Sprint is enforcing more layoffs.
The Overland, Kan.-based wireless provider on Thursday said in a filing with the Securities and Exchange Commission that "implementation of a workforce reduction plan" began Jan. 16 and will continue through June 30.
The company said it is trying to cut costs "and better meet the changing dynamics of the marketplace." Sprint is the third-largest wireless operator in the United States and faces stiff competition from No. 1 Verizon Wireless and No. 2 AT&T.
To help combat the pressure, Sprint's majority owner, Japan's SoftBank, is said to be trying to buy T-Mobile USA, despite the anticipated intense regulatory and industry scrutiny. Layoffs often come before a merger or acquisition takes place but Sprint told the Kansas City Star late last week that the cuts have to do with efficiencies, not SoftBank.

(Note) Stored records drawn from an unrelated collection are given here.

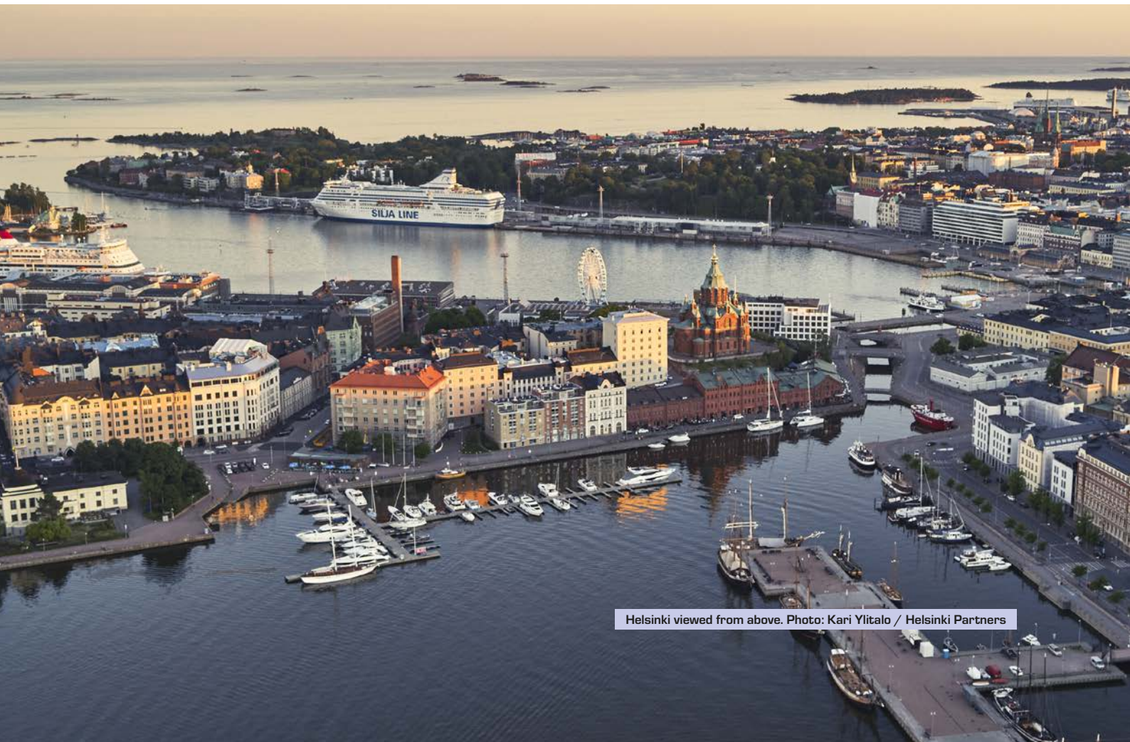
Helsinki viewed from above.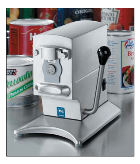
Opens most sizes and shapes of cans. Precisely weighted and balanced, the 270 lifts even the heaviest #10 can to the knife for easy opening.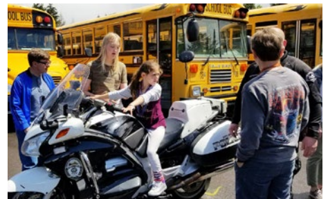
Children enjoy close-up views of a police motorcycle and other response vehicles.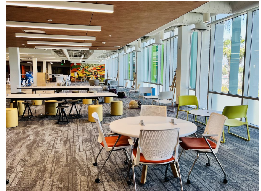
Third level meeting space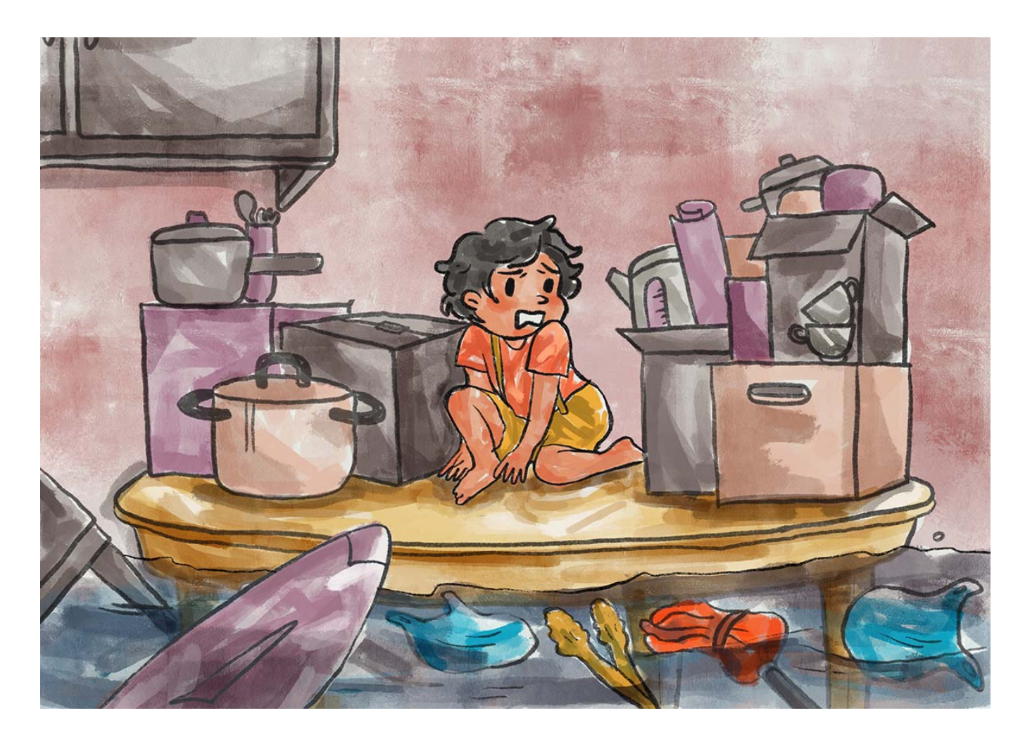
"Where should I go?"Hic! Hic! Hic!"Nilam," hic, "help me!"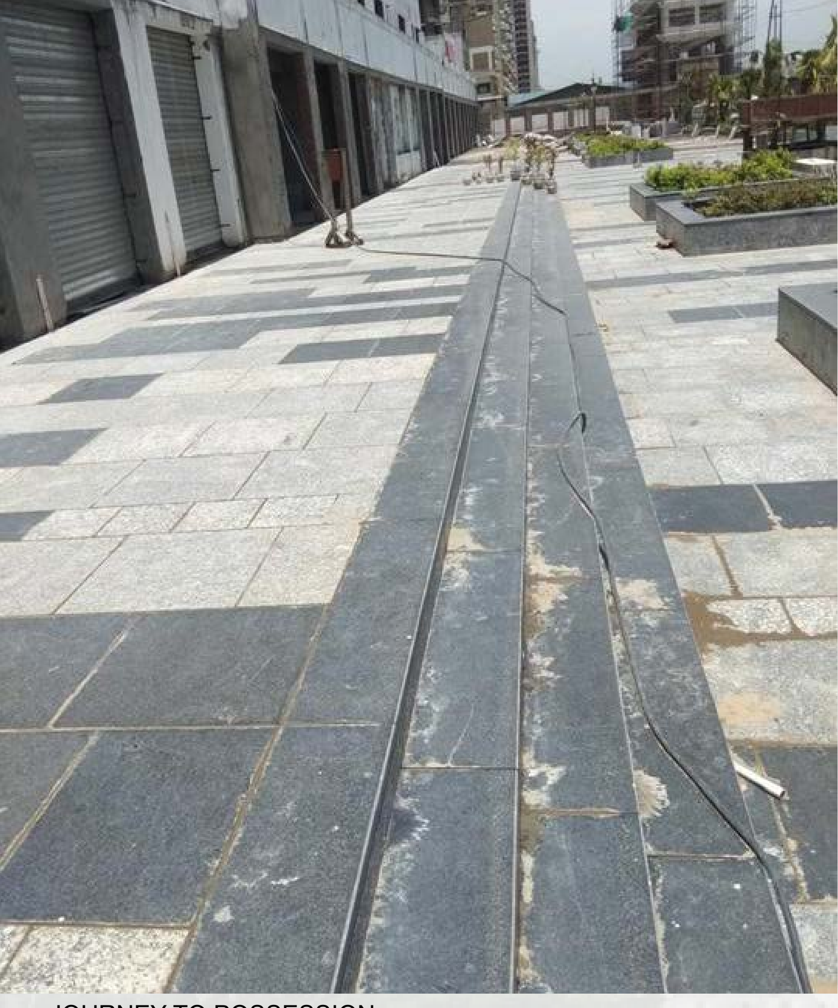
JOURNEY TO POSSESSION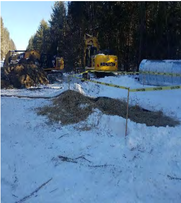
Fig 19: Dewatering basin at Str. 70. Viewing east. (01-22-20).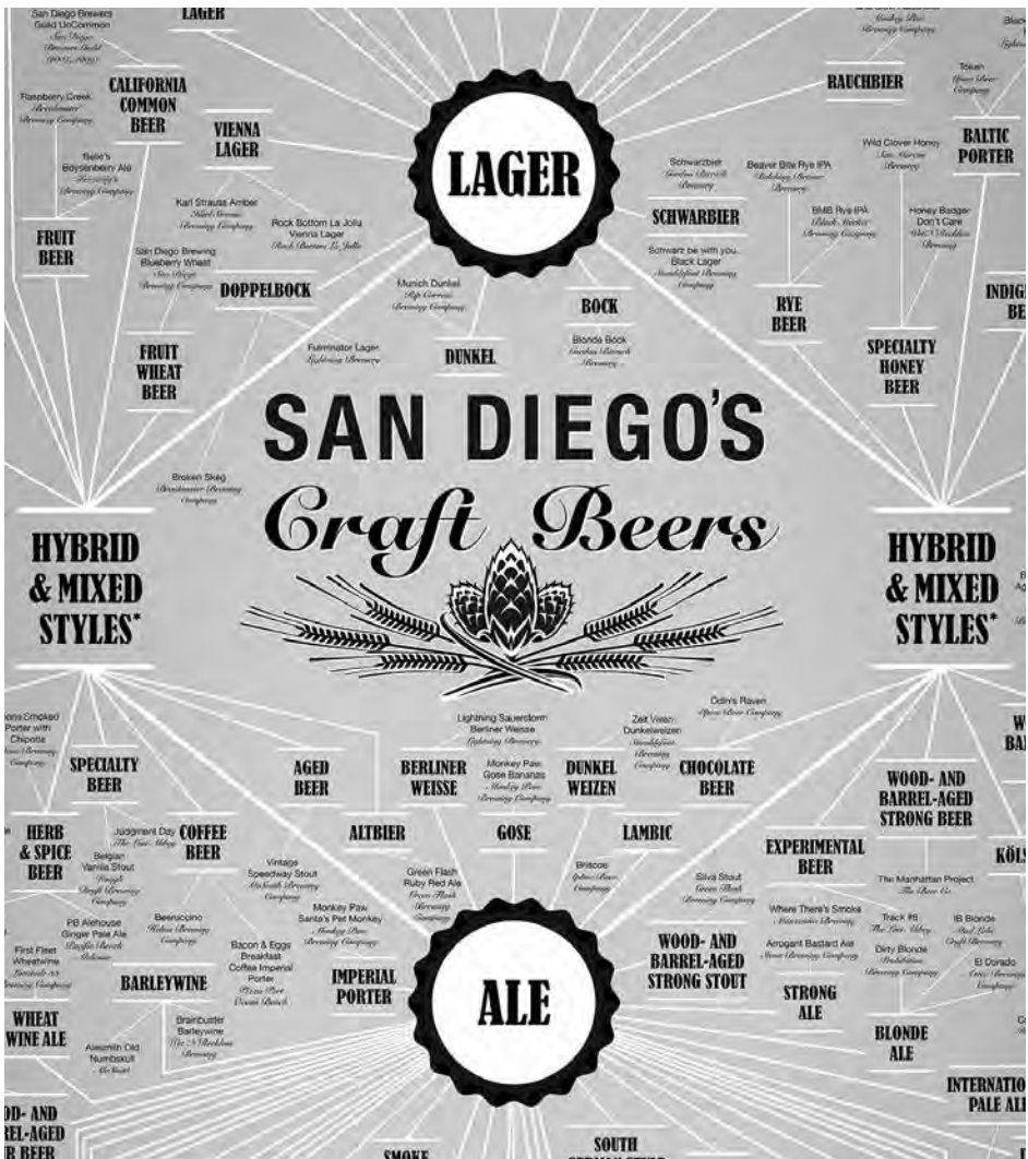
The many varieties of beer produced in San Diego County.

year-after-year, double-digit growth. In 2011, the craft beer industry grew 13 percent in volume and 15 percent in sales, following respective growth rates of 12 percent and 15 percent in 2010. 37 Of the current 65 breweries, all but 18 opened after 2006. 38 The market is so robust that many brewers find success brewing niche beers like Belgians or sours that add to the multitude of varieties that the county's brewers offer. While the future of the industry in San Diego County looks promising, there may ultimately be a time when the market becomes saturated and conglomeration or sell-offs occur but for now, there has certainly never been a better time or place to be a beer drinker in San Diego County.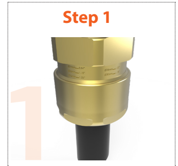
Follow cable gland installation instructions until final stage – tightening of rear seal

The gland is permanently marked with various lines/numbers indicating the correct tightening level related to the cable diameter. Following the relevant cable gland Installation Instructions, the back seal should be tightened until a seal is formed on the cable outer sheath and then tightened one further turn.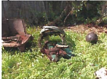
Artifacts retrieved during shed removal: cast iron wood burning stove; wooden barrel slats and metal rings; and bowling ball.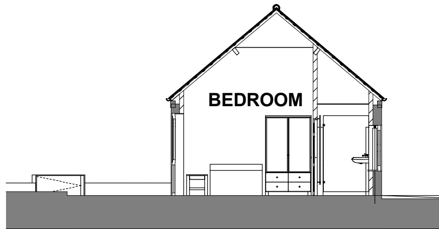
PROPOSED SECTION C 1:100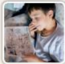
read comic books

For example, people have used smartphones for long enough that they don't need as much help from customer service reps, a Sprint spokesman said.
Sprint expects to pay about $165 million for severance and related costs; that charge would be applied to its fourth-quarter 2013 results. Sprint did not specify in the filing how many jobs it plans to eliminate, or in which divisions. The Kansas City Star reported that up to 500 management and non-management jobs could be impacted, as well as a number of less-profitable retail stores.
Sprint has laid off thousands of people over the years. The most recent round came last summer, after the SoftBank deal was completed.